Ask yourself if you really need to do this or if you can start with the data already processed (I can provide this in a nice small binary file which is much easier to handle).
Get yourself a pretty high memory machine. You are going to need to do quantile-normalization on about 2000 450k arrays. This took up about 100GB in memory. You could probably figure out how to do this out of memory but its only really a one time thing so probably not necessary.
Download the raw EPIC dataset from GEO link.
Contact me for the raw dataset from Hannum et al. (This data is on GEO but not in the most raw form... I will try and fix this soon)

Metylation Normalization Protocol
This mainly uses functions provided in the R bioconductor minfi package.

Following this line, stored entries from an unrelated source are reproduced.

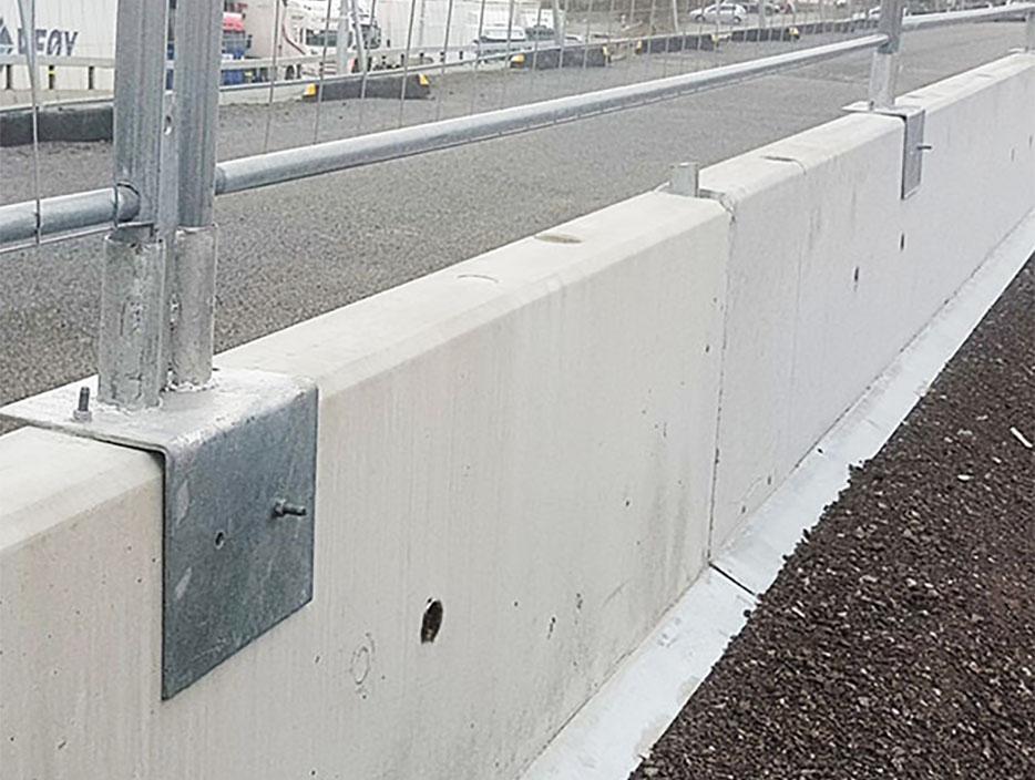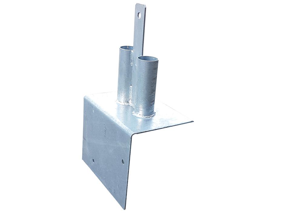 Feste til betongfundament. For bruk sammen med byggegjerder, både tette og vanlige. Betongfestet benyttes på fundament og festes til betongen med bolter, og byggegjerder settes ned i rør-hylsene. I tillegg sikres det med standard festeklammer. Gir solid sikring og høy stabilitet.
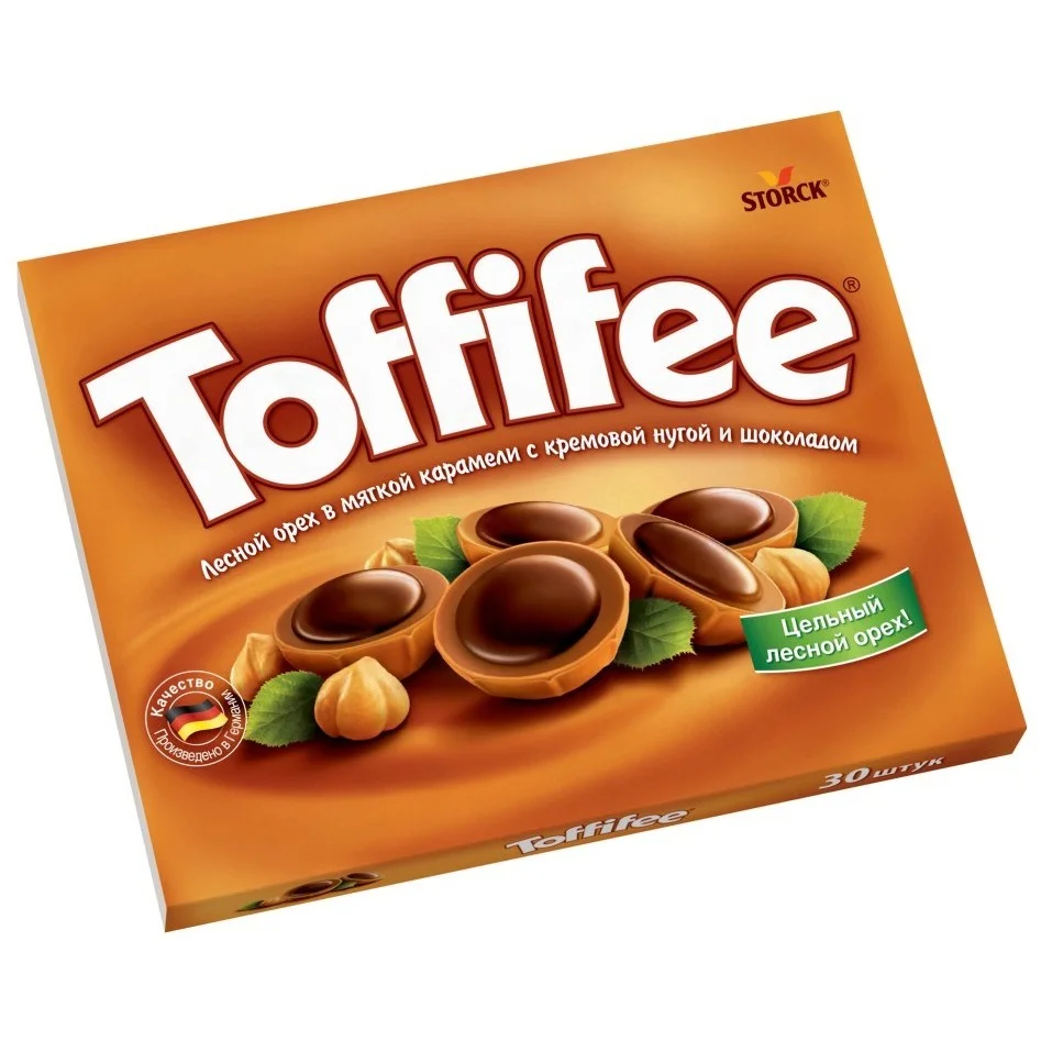 Конфеты Toffifee 250 г. Toffifee - шоколадные конфеты с темным шоколадом и начинками. Они содержат лесной орех в мягкой карамели, наполненной кремовой нугой. Идеальны для семейного чаепития или в качестве сладкого перекуса. Состав конфет включает: сахар, растительные жиры (пальмовый, дерева ши), цельные лесные орехи, сироп глюкозы, сухую молочную сыворотку, влагоудерживающий агент (сорбитовый сироп), какао тертое, сгущенное молоко, концентрированную молочную сыворотку, лактозу, какао-порошок, какао-масло, молочный жир, обезжиренное сухое молоко, сироп из тростникового сахара, эмульгатор (соевый лецитин), соль и ароматизатор (ванилин). Содержит 10% лесного ореха, 41% карамельной чашечки, 37% нуги и 12% шоколада. Продукт также может содержать незначительное количество миндаля, арахиса и других видов орехов. Пищевая ценность: белки - 6 г, жиры - 28,8 г, углеводы - 59 г. Энергетическая ценность: 552 ккал, 2183 кДж. Срок годности: 10 месяцев. Конфеты подходят для детей от 3-х лет. Хранить в сухом прохладном месте при температуре от 13C до 21C и относительной влажности воздуха от 40% до 65%. Внешний вид и/или характеристики товара могут быть изменены производителем в соответствии с производственным процессом.
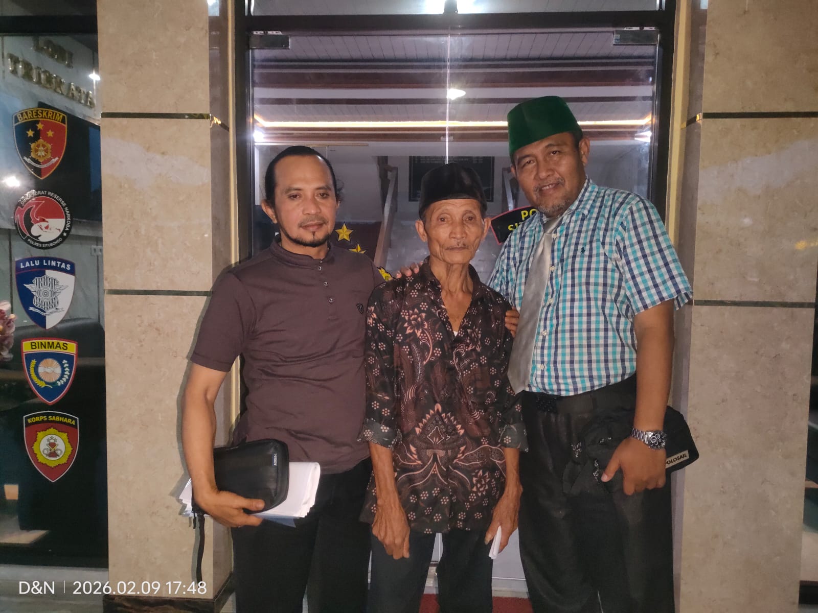 Didampingi dua kuasa hukumnya Dr. H. Supriyono, S.H., M.Hum. dan Taufik Hidayah S.H mendatangi Mapolres situbondo memenuhi undangan dari penyidik polres situbondo yang sempat tertunda dikarenakan undangan terlambat diterima Kakek Halil
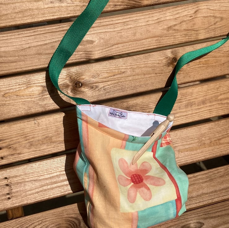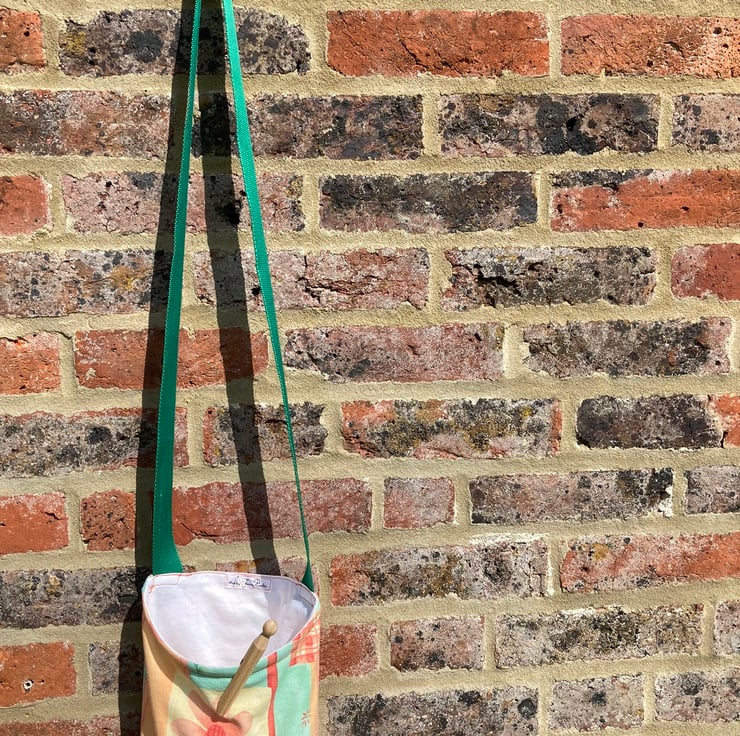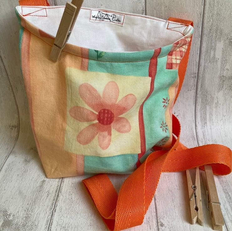 If you’re looking for a handy peg bag with a difference this may be the one for you. It is made from a pretty cotton fabric in a peach and green pastel design. It is lined with plain white cotton and has a strong, bright green strap.
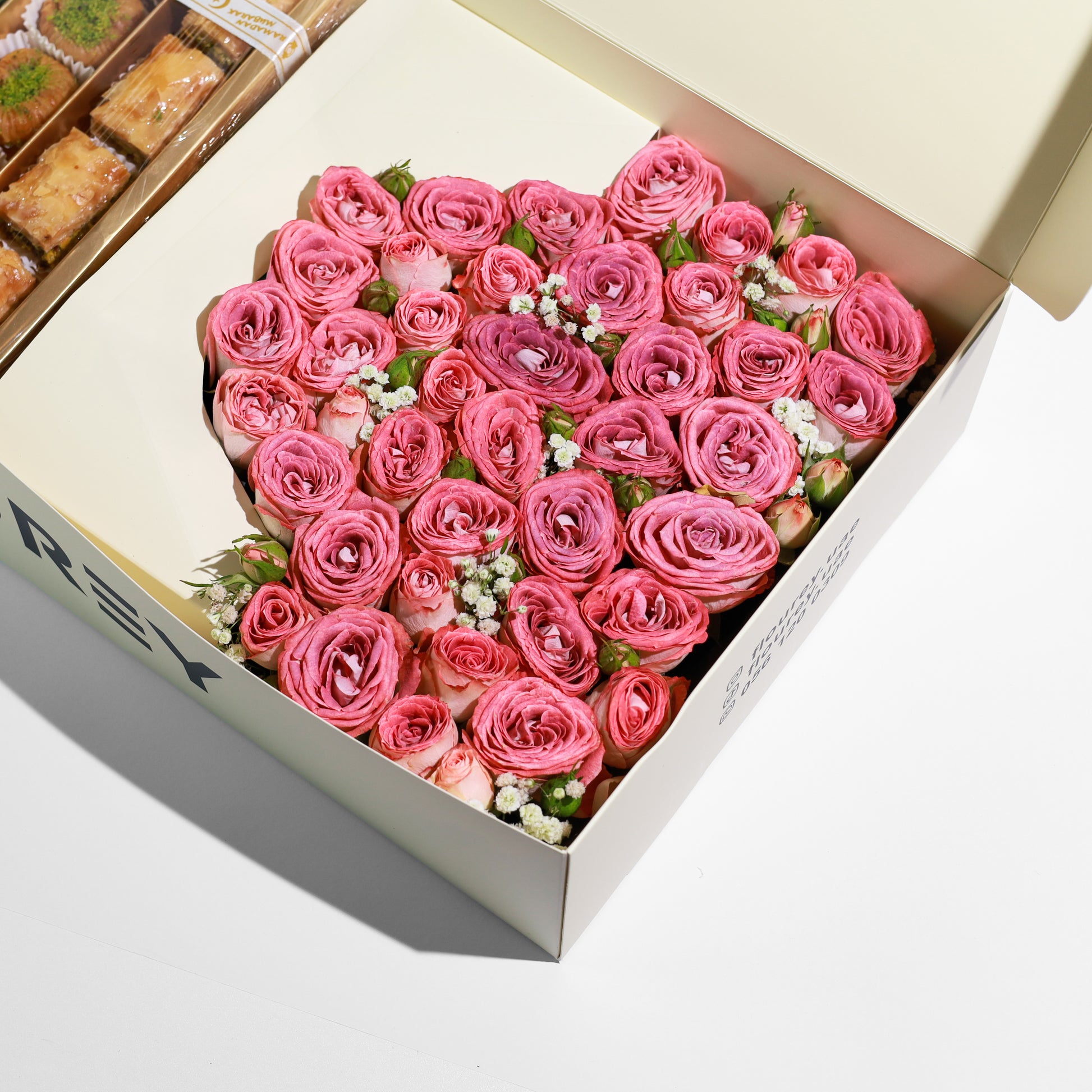 ✍️ رسائل شخصية: إلى جانب الزهور والحلويات، يحمل صندوقك صوتك. تلتقط ملاحظة جريئة على الصندوق لفتتك الرائعة، بينما تهمس بطاقة سرية بداخلها بمشاعرك الحميمة.
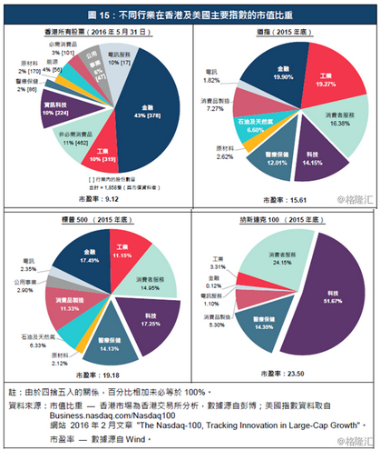 如上文第 2.3 节所分析,若干行业的市盈率或会较高或较低。“传统”金融业的市盈率较低,以高增长潜力吸引投资者的新经济行业如科技及医疗保健等的市盈率则倾向较高。因此,新经济行业比重较高的市场,其加权平均市盈率水平会较高,金融业比重较高的市场,其平均市盈率水平则会较低。在这背景下,科技及医疗保健占约66%的纳斯达克市场是高市盈率市场的例子,而金融股占超过40%的香港市场则为低市盈率市场的例子。(见图15)
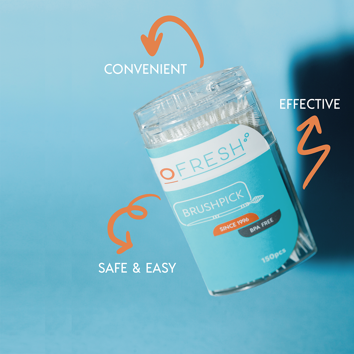 OFresh Brushpick helps to remove any food particles after meals, preventing bad breath and unwanted plaque build-up. It is gentle on our gums and combines the functions of both interdental brushes and the traditional toothpick to effectively remove food particles from hard to reach areas. Your oral care regime made easy!
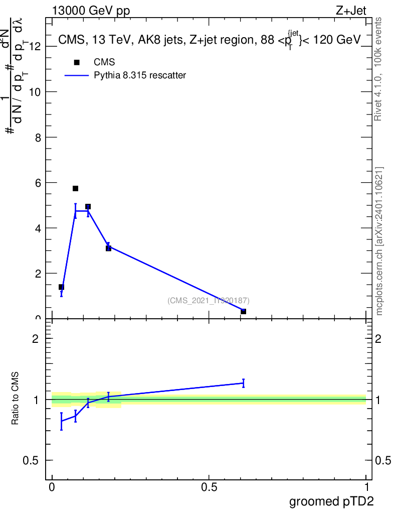 Lines: data, pythia8 8.315 rescatter |

Read in all of the raw .IDAT methylation files for our datasets as well as the two controls
Extract detection p-values for all probes across all samples
Run quantile normalization on the concatinated dataset
Run estimateCellCounts on the concatinated dataset
Save the results of this analysis

Saving things in HDF5 Format

These 450k arrays can get pretty unweildy due to their size when trying to do in-memory data analysis. To help out with this and generally speed up I/O I like to store these data as Pandas HDF5 data objects. This data format has the advantage of being much faster than handling everything in .csvs like you would generally do with expression datasets.

BMIQ Processing

We run quantile normalization in the minfi processing pipeline but it has been recomended to also run BMIQ on this normalized data. In addition the processing protocol for use of the Horvath aging model requires a modified verision of this. This is done for various datasets in the following notebooks.